Your answer must be an exact copy of the lines below, from the first through the one with "Pão da casa, 3x", with no pictures.

*DATA BLOCK*
◆ ◆ ◆ ◆ ◆ ◆ ◆
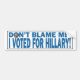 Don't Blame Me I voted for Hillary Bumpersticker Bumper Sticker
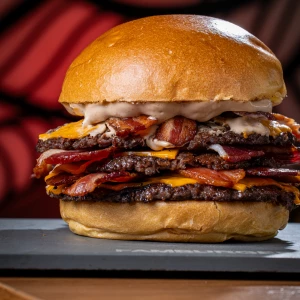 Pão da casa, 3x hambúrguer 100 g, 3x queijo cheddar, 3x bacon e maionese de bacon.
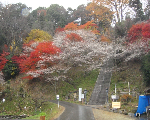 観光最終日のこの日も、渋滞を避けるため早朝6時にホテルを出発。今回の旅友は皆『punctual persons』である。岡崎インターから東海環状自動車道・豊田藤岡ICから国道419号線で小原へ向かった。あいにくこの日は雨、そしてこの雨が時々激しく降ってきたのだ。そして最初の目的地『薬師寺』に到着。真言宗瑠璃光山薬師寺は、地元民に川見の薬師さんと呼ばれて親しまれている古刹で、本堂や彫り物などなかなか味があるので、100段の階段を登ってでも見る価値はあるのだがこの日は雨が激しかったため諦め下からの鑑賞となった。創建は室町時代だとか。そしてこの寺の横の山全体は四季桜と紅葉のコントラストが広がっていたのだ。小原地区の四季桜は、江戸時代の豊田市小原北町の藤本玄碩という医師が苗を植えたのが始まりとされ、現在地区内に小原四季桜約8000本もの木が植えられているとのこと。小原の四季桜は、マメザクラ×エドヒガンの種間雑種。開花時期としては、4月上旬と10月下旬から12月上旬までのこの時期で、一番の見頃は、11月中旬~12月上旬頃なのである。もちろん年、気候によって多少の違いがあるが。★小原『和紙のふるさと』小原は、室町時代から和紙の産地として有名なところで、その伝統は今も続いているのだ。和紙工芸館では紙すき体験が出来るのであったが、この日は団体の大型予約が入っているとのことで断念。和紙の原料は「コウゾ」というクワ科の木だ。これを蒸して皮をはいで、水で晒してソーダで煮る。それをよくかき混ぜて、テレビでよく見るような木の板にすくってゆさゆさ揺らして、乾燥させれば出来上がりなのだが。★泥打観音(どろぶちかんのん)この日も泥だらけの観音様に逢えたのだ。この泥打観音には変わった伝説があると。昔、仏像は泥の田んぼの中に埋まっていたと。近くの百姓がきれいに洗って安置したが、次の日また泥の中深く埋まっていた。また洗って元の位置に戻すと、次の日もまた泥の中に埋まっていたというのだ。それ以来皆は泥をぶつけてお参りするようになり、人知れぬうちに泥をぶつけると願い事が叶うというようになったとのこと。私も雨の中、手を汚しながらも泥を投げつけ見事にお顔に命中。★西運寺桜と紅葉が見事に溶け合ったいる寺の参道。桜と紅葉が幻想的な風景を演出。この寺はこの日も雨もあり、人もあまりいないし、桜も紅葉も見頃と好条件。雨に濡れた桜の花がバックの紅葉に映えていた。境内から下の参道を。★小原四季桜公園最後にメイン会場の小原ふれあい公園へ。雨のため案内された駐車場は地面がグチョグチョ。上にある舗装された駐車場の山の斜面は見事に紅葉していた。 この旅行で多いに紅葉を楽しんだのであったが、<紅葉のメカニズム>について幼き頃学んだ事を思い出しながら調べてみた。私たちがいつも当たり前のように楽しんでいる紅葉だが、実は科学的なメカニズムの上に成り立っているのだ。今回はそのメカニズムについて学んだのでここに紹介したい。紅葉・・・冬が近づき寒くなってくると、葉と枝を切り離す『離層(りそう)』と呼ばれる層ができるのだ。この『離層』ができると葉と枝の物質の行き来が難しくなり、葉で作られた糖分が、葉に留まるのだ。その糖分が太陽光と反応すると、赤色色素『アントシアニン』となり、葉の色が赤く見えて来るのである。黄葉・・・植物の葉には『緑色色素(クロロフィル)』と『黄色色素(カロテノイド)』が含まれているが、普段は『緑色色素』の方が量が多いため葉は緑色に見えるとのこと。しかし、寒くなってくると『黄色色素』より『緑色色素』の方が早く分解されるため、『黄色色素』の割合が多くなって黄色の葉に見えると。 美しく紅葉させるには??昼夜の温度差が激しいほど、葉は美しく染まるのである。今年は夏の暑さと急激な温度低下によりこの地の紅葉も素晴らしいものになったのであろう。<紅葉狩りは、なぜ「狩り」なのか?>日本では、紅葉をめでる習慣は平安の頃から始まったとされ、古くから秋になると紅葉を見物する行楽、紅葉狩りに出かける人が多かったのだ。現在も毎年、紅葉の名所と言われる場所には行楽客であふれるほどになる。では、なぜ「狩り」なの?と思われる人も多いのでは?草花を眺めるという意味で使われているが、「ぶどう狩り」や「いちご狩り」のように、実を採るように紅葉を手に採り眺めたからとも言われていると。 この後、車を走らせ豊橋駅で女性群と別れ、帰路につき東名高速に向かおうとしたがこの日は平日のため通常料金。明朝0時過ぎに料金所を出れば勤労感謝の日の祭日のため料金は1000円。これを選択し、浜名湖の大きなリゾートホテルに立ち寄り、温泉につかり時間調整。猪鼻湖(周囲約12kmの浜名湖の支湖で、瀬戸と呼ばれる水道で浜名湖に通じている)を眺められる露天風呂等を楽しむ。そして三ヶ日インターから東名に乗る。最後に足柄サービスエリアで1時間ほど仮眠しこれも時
◆ ◆ ◆ ◆ ◆ ◆ ◆
*RESPONSE TO THIS TASK*
 Don't Blame Me I voted for Hillary Bumpersticker Bumper Sticker
 Pão da casa, 3x hambúrguer 100 g, 3x queijo cheddar, 3x bacon e maionese de bacon.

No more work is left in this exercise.